Complete Syntax Reference
For detailed syntax documentation, see reference/syntax-guide.md.
For best practices and patterns, see reference/best-practices.md.
For troubleshooting help, see reference/troubleshooting.md.
Tips for Effective Commands
- Start with the simplest version that works
- Add complexity only when needed (YAGNI principle)
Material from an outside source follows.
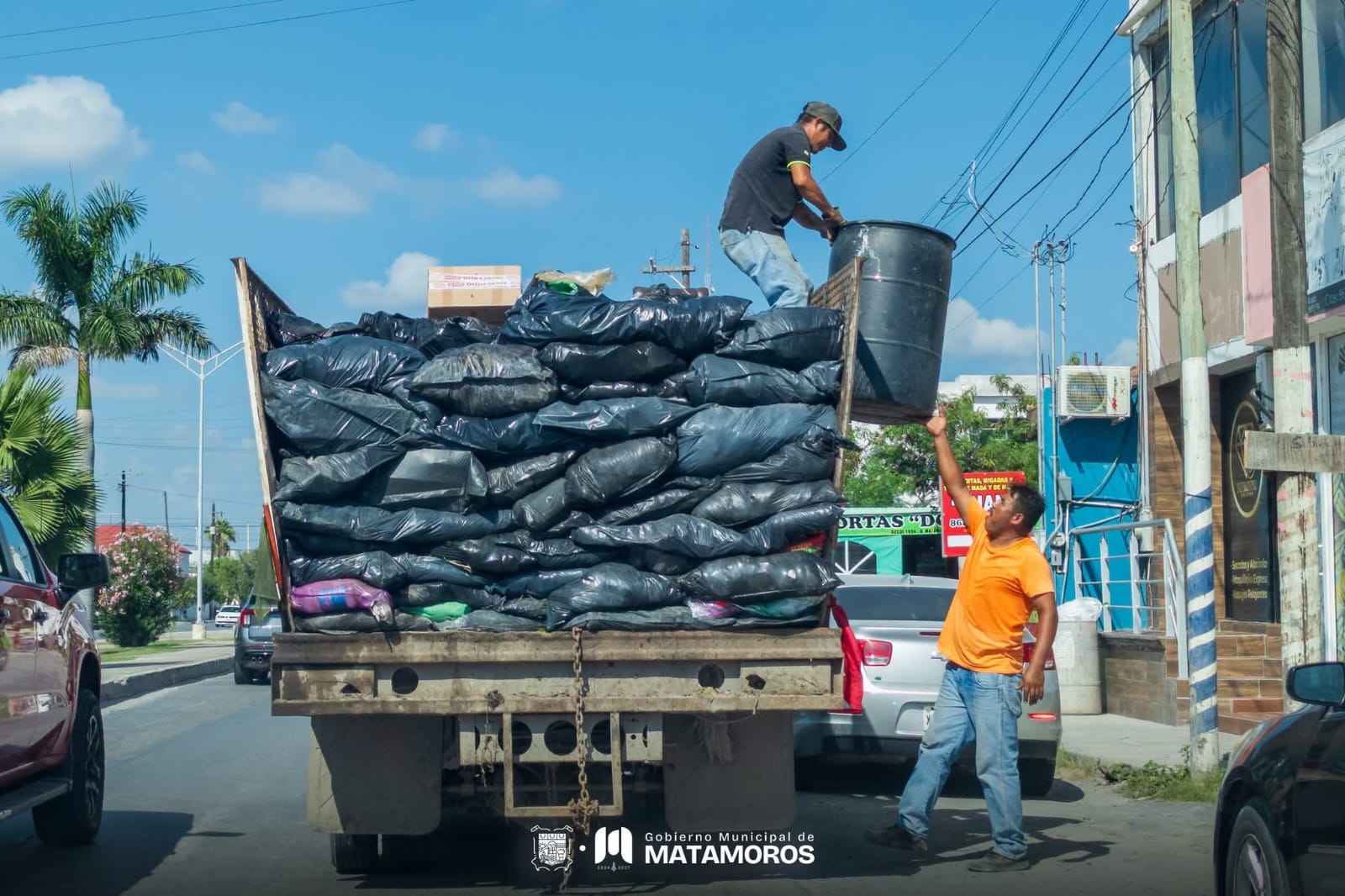 Desde tempranas horas, los equipos de Limpieza Pública recorren distintas colonias, avenidas y espacios de Matamoros, realizando trabajos de recolección de basura, barrido manual y atención a puntos prioritarios.

- Test with real scenarios before sharing
- Include clear descriptions in frontmatter
- Use tool restrictions for safety
- Reference project conventions with file refs
- Gather context with bash execution
- Structure prompts with clear sections
- Provide examples in argument-hint
- Iterate based on usage - improve over time
Next Steps
After creating a command:
- Test thoroughly with various inputs
- Share with team (if project command)
- Document in CLAUDE.md if it's a pattern others should know
- Create related commands for connected workflows
- Refine based on feedback - commands improve with use
Remember: Slash commands are user-invoked prompt templates. Start simple, test frequently, and add features incrementally. The best commands are clear, focused, and solve real workflow problems.